- •Lecture 2 – gdp and the Main Indicators of the National Accounts
- •Gdp and the Ways of Its Measuring.
- •Gnp and the Other Indicators Used in National Accounts
- •Nominal & Real gdp. The Price indexes.
- •Gdp and the Ways of Its Measuring
- •Industrial Approach (according to value added)
- •Expenditure approach
- •Income approach
- •2. Gnp and the Other Indicators Used in National Accounting
- •3. Nominal & Real gdp. The Price indexes.
Income approach
GDP = R + I + P + SA + W
here
R: Rents or Rental income - the income that landlords receive, including the imputed rent that homeowners “pay’’ to themselves, less expenses, such as depreciation.
I: Interests or Net interest - the interest domestic businesses pay minus the interest they receive, plus interest earned from foreigners
P: Profits includes Proprietors’ income (the income of noncorporate businesses, such as small farms, mom-and-pop stores, and law partnerships) and Corporate profits - the income of corporations after payments to their workers and creditors.
SA: Statistical Adjustments (corporate income taxes, dividends, undistributed corporate profits, depresiation, indirect taxes)
W: Wages or Compensation of employees - the wages and fringe benefits earned by workers.
NB! the mnemonic, "ripsaw"
GDP per capita: Gross domestic product per capita is the mean value of the output produced per person, which is also the mean income.
GDP per Capita and welfare
GDP per capita (per person) is often used as a measure of a person's welfare. Countries with higher GDP may be more likely to also score highly on other measures of welfare, such as life expectancy.
However, there are serious limitations to the usefulness of GDP as a measure of welfare:
Measures of GDP typically exclude unpaid economic activity, most importantly domestic work such as childcare.
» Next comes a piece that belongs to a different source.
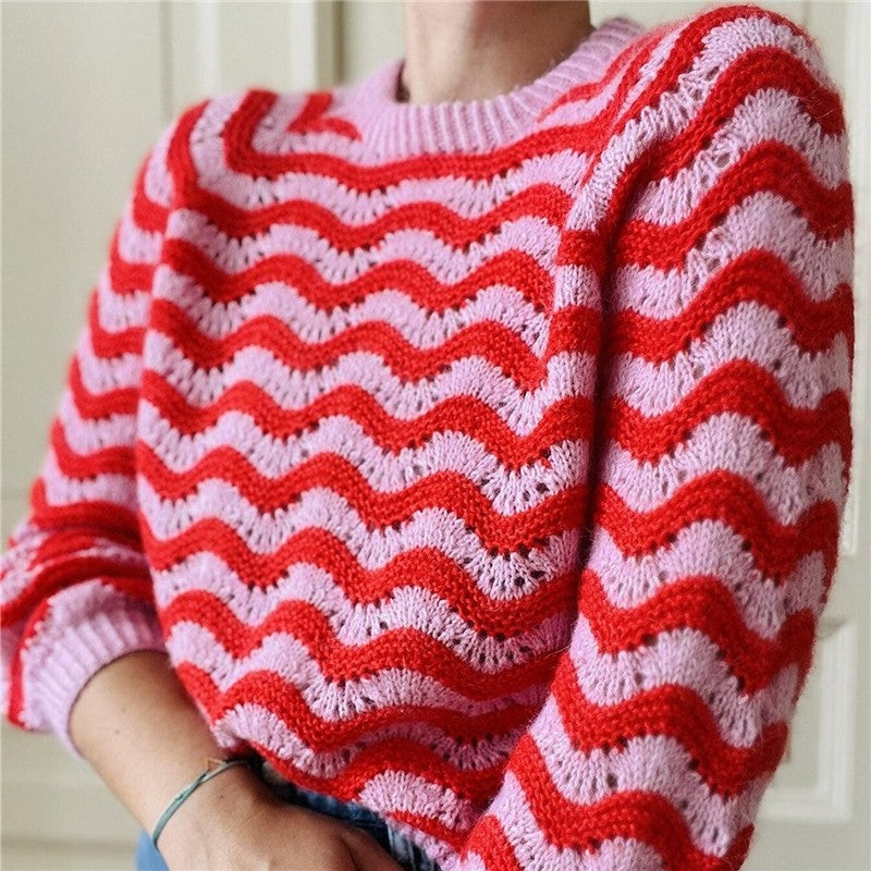 Round Neck Color Block Wave Stripe Sweater

This leads to distortions; for example, a paid nanny's income contributes to GDP, but an unpaid parent's time spent caring for children will not, even though they are both carrying out the same economic activity. The value estimation of the goods and services that have no market price is called an imputed value.
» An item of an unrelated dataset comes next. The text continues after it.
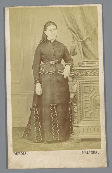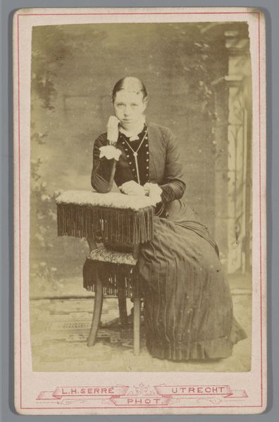 This is a photograph, likely a carte-de-visite, by Hermanus Jodocus Weesing, portraying an unknown woman, made using albumen print. The composition is vertically oriented, focusing on the figure posed against a neutral backdrop. Weesing employs a subdued tonal range, with soft contrasts which lend the image a somewhat melancholic feel. The woman is positioned asymmetrically, leaning slightly on a decorative pedestal to her right, balancing the visual weight with a small ornate chair on the opposite side. The careful arrangement of props and the woman's posture create a sense of stability and poise. In terms of semiotics, the woman’s clothing, the props, and her reserved demeanor all speak to the cultural codes of the period. The photograph encapsulates a moment in time, carefully constructed to convey particular social meanings related to identity and status. The sepia tones, the formal pose, all contribute to the photograph's function as a cultural artifact, reflecting both individual representation and broader societal values. As viewers, our interpretation is thus a process of decoding the layers of meaning embedded in its visual form.

Imputations are especially important for determining the value of housing. The Department of Commerce estimates what the market rent for a house would be if it were rented and includes that imputed rent as part of GDP. This imputed rent is included both in the homeowner’s expenditure and in the homeowner’s income.
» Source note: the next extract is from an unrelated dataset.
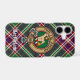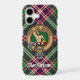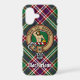 Clan MacFarlane crest badge surrounded by a strap and buckle over modern hunting tartan background. Custom text.

Imputations also arise in valuing government services. For example, police officers, firefighters, and senators provide services to the public. Giving a value to these services is difficult because they are not sold in a marketplace and therefore do not have a market price.The national income accounts include these services in GDP by valuing them at their cost.That is, the wages of these public servants are used as a measure of the value of their output.
No imputation is made for the value of goods and services sold in the underground economy.The underground economy is the part of the economy that people hide from the government either because they wish to evade taxation or because the activity is illegal.
GDP takes no account of the inputs used to produce the output. For example, if everyone worked for twice the number of hours, then GDP might roughly double, but this does not necessarily mean that workers are better off as they would have less leisure time.
Comparison of GDP from one country to another may be distorted by movements in exchange rates. Measuring national income at purchasing power parity may overcome this problem at the risk of overvaluing basic goods and services, for example subsistence farming.
GDP does not measure factors that affect quality of life, such as the quality of the environment (as distinct from the input value) and security from crime. This leads to distortions - for example, spending on cleaning up an oil spill is included in GDP, but the negative impact of the spill on well-being (e.g. loss of clean beaches) is not measured.
GDP is the mean (average) wealth rather than median (middle-point) wealth. Countries with a skewed income distribution may have a relatively high per-capita GDP while the majority of its citizens have a relatively low level of income, due to concentration of wealth in the hands of a small fraction of the population.
Because of this, other measures of welfare such as the Human Development Index (HDI), Index of Sustainable Economic Welfare (ISEW), Genuine Progress Indicator (GPI), gross national happiness (GNH), and sustainable national income (SNI) are used.